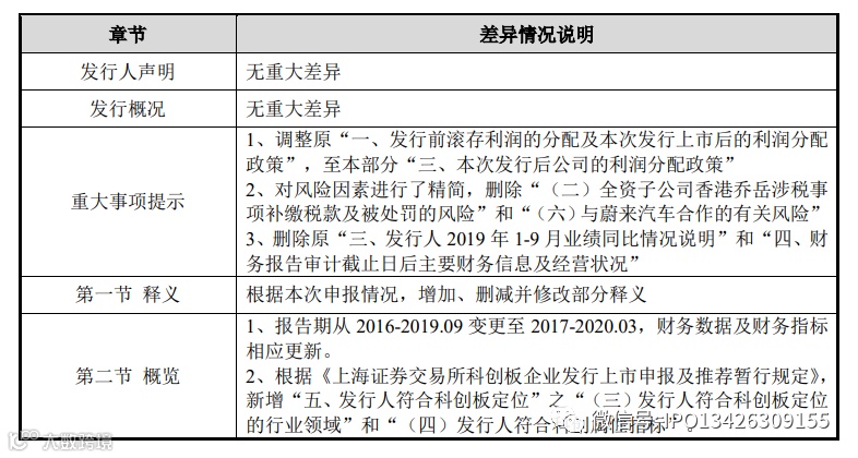 发行人前后两次申报的《招股说明书(申报稿)》的主要差异具体如下:
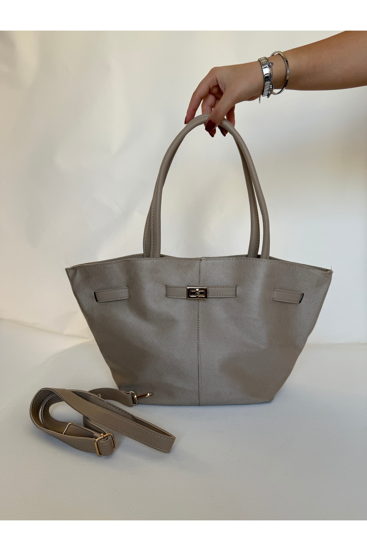 Kadın Bej Süet Deri Mıknatıs Kapamalı Kilit Detaylı El ve Omuz Çantası büyük geniş çanta Kadın Bej Süet Deri Mıknatıs Kapamalı Kilit Detaylı El ve Omuz Çantası büyük geniş çanta mlk9837498798374 Standart
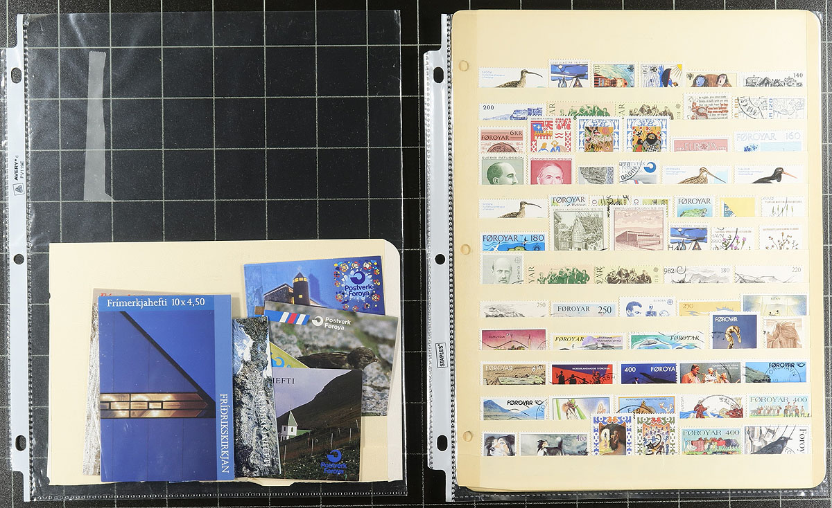 Very nice group of used Faroe Islands, 1975-2004, containing a few hundred stamps in roughly 13 stock pages. The lot generally ranges from Scott #7/439, containing singles and a handful of booklets with canceled stamps inside. A spot check indicated some items cataloguing $10 and up. It appears the used stamps have cto cancels, still a clean lot from this popular collecting country. Owner's older 2016 Scott US$885.00 =

Task to complete
All of the data must be repeated exactly, except for the pictures.

Solution to the problem
 发行人前后两次申报的《招股说明书(申报稿)》的主要差异具体如下:
 Kadın Bej Süet Deri Mıknatıs Kapamalı Kilit Detaylı El ve Omuz Çantası büyük geniş çanta Kadın Bej Süet Deri Mıknatıs Kapamalı Kilit Detaylı El ve Omuz Çantası büyük geniş çanta mlk9837498798374 Standart
 Very nice group of used Faroe Islands, 1975-2004, containing a few hundred stamps in roughly 13 stock pages. The lot generally ranges from Scott #7/439, containing singles and a handful of booklets with canceled stamps inside. A spot check indicated some items cataloguing $10 and up. It appears the used stamps have cto cancels, still a clean lot from this popular collecting country. Owner's older 2016 Scott US$885.00 =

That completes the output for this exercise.